TASK BRIEF
Copy out precisely the lines from the start of the data through the line with "The rectangular head", and keep pictures out of it.

+++ MATERIAL PROVIDED +++

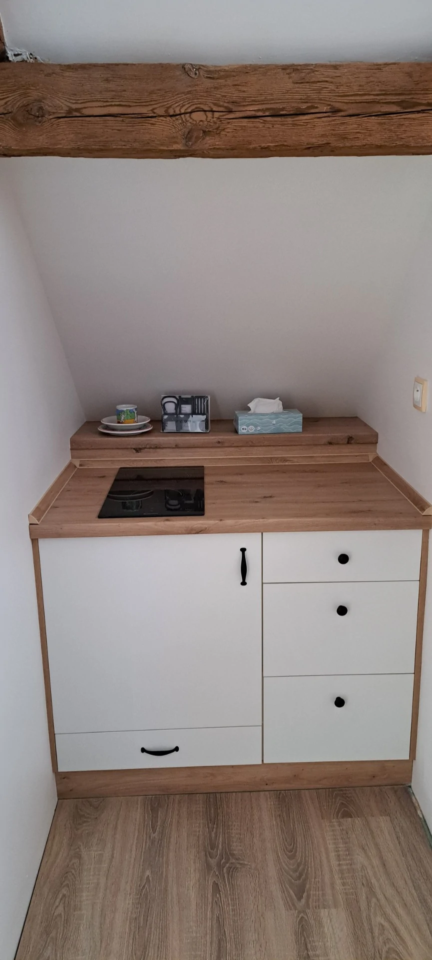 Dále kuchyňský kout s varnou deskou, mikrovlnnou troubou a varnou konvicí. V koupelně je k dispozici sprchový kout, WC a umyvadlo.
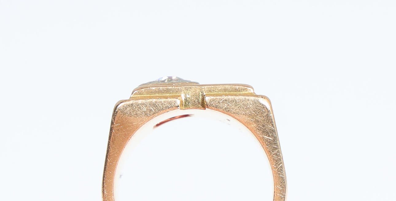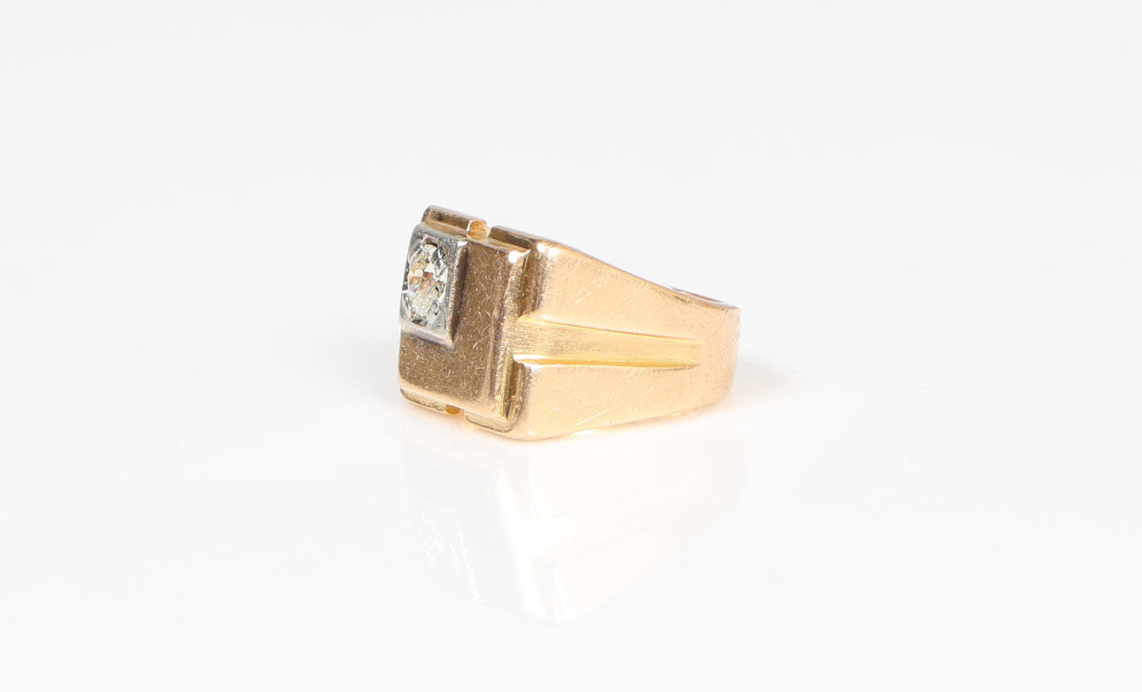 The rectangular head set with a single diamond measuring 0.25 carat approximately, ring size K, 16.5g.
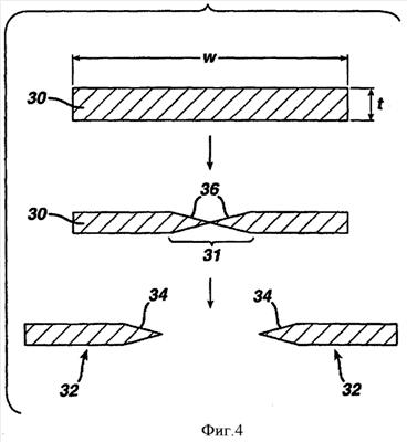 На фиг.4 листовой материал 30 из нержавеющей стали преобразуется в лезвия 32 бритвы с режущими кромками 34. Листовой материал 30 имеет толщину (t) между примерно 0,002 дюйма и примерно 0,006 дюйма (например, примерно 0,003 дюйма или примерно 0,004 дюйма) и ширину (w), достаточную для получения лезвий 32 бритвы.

+++

YOUR SOLUTION
 Dále kuchyňský kout s varnou deskou, mikrovlnnou troubou a varnou konvicí. V koupelně je k dispozici sprchový kout, WC a umyvadlo.
 The rectangular head set with a single diamond measuring 0.25 carat approximately, ring size K, 16.5g.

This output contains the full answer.